Kounnas et al. (1994) demonstrated that the inner ear epithelia of embryonic mice expressed megalin. Using immunogold electron microscopy, Mizuta et al. (1999) demonstrated that megalin was localized in the epithelial cells of the rat cochlear duct, a part of the endolymphatic compartment of the inner ear. It was previously reported that ES epithelial cells could take up several macromolecule tracers introduced from the cochlear duct or by direct injection (Fukazawa et al., 1990; Fukazawa et al., 1991; Furuta et al., 1992; Hoshikawa et al., 1994; Kakigi et al., 2004). Therefore, we expected that megalin, as a membrane receptor, would be localized in the ES, which like the cochlear duct constitutes part of the endolymphatic compartment of the inner ear. However, in the present study we revealed that megalin exists in the lumen of the ES and is taken up by ES epithelial cells via macropinocytosis.
Sprague-Dawley (SD) rats (body weight, 200–300 g) and BALB/c mice were used as the experimental animals. The animals were anesthetized with ether prior to use in the experiments. All experimental procedures were approved by the Animal Research Committee of Kagawa University. A monoclonal antibody for rat megalin was prepared as previously described (Ishida et al., 2004). Briefly, the rat yolk sac microsomal fraction was used as an antigen to immunize mice. The mice whose sera exhibited specific reactivity to the yolk sac apical cytoplasm on immunohistochemistry were selected for fusion. By fusing the myeloma and spleen cells from the immunized mice, we obtained hybridomas. The hybridomas were initially screened by means of immunohistochemistry. The positive hybridomas were subsequently screened by means of immunoblotting using rat yolk sac or kidney microsomes. A hybridoma cell clone (mAb2E12) that produced an antibody for megalin was selected. The specificity of mAb2E12 is shown in Fig. 1A and B. Megalin that had been purified from a rat kidney microsomal fraction by affinity chromatography on an anti-megalin antibody Sepharose column and an affinity-purified rabbit polyclonal antibody raised against the megalin cytoplasmic domain were a kind gift from A. Saito, Niigata University, Niigata, Japan (Saito et al., 1994).

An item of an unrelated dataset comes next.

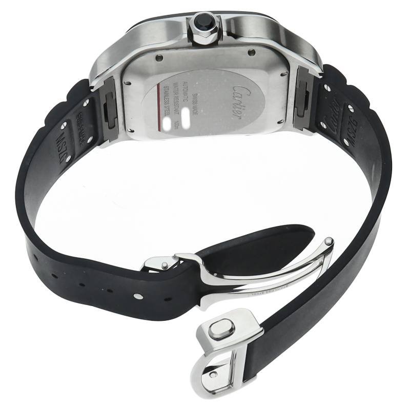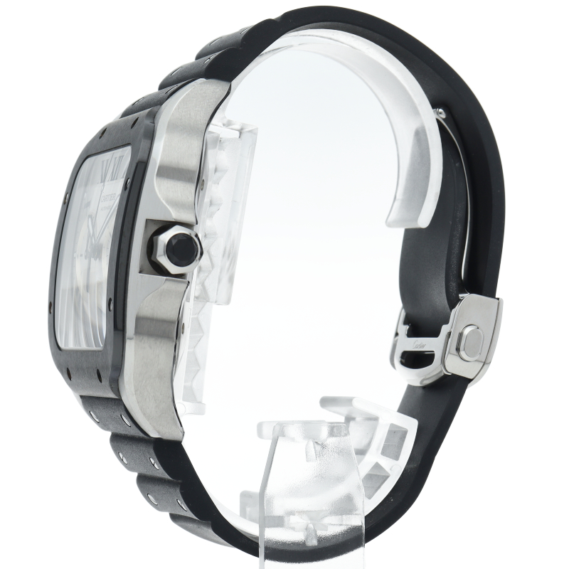 2018年にモデルチェンジされたサントス ドゥ カルティエの入荷です。新たに設計され、43.3mmの迫力あるXLサイズのケースに、カルティエ自社製の1904 CH MCムーヴメントを搭載。従来のクロノグラフとは違いスタート、リセットのボタンが無く、ケース9時側にあるプッシュボタンとリューズで操作する斬新なデザインの時計です。

Six SD rats were perfused via the left cardiac ventricle with phosphate-buffered saline (PBS) at 4°C for 1 min. After perfusion, the ES were carefully removed from the temporal bone and immersed in sample buffer (62.5 mM Tris, 2% SDS, 42 mM dithiothreitol (DTT), 8 M urea, and 0.01% bromophenol blue) for SDS-polyacrylamide gel electrophoresis (SDS-PAGE). The samples were then boiled for 3 min and the solubilized proteins were separated by SDS-PAGE through 5% to 20% gradient gels (Ready Gels J; Bio-Rad, Tokyo, Japan). The bands were transferred to nitrocellulose membranes or polyvinylidene fluoride (PVDF) membranes using a semidry blotting apparatus. For immunoblotting, the membranes were incubated with PBS containing 5% non-fat dry milk, 0.1% Tween 20, and 0.02% sodium azide overnight at 4°C to block the nonspecific binding of antibodies, followed by incubation with primary antibodies for 1 h at room temperature. The membranes were then washed in PBS and incubated for 1 h with an appropriate horseradish peroxidase-conjugated secondary antibody. Finally, the immunoblots were visualized with diaminobenzidine as the substrate, or enhanced with a chemiluminescence reagent (ECL; GE Healthcare Bio-Sciences Corp., Piscataway, NJ, USA) and detected with autoradiography film (Hyperfilm-ECL; GE Healthcare Bio-Sciences Corp. NJ, USA). The specificity of the immunoreactions was controlled by application of a normal mouse IgG or a normal rabbit IgG.
Ten SD rats were fixed by perfusion via the left cardiac ventricle with 4% paraformaldehyde in 0.1 M phosphate buffer (pH 7.3) containing 4% sucrose for 5 min. After perfusion, the temporal bone containing the ES and the cochlear was carefully removed, immersed in the same fixative, and maintained overnight at room temperature. The materials were then decalcified for three weeks in 10% EDTA in 0.1 M phosphate buffer (pH 7.3) containing 7% sucrose at 4°C. The decalcified tissues were prepared for cryopreservation by immersing in a 0.1 M phosphate buffer containing 10% dimethyl sulfoxide and 7% sucrose for 1 h at 4°C. Cryostat sections (6 μm) were cut and mounted on silane-coated glass slides. The sections were incubated with PBS containing 10% normal goat serum for 20 min to block nonspecific binding, and then incubated with anti-rat megalin monoclonal antibodies (culture supernatant of a 2E12 hybridoma cell line), the polyclonal antibody against the rat megalin cytoplasmic domain, or anti-rat cubilin monoclonal antibodies (culture supernatant of a 7A3 hybridoma cell line) (Ishida et al., 2004) overnight at 4°C. After washing with PBS, the sections were incubated with Alexa 488-conjugated goat anti-mouse IgG or Alexa 594-conjugated goat anti-rabbit IgG (1:500; Invitrogen Corp., Carlsbad, CA, USA) for 1 h at room temperature, and then examined under a confocal laser scanning microscope (LSM-GB200, Olympus Co., Tokyo, Japan). The specificity of the immunoreactions was controlled by the application of a normal mouse IgG or a normal rabbit IgG.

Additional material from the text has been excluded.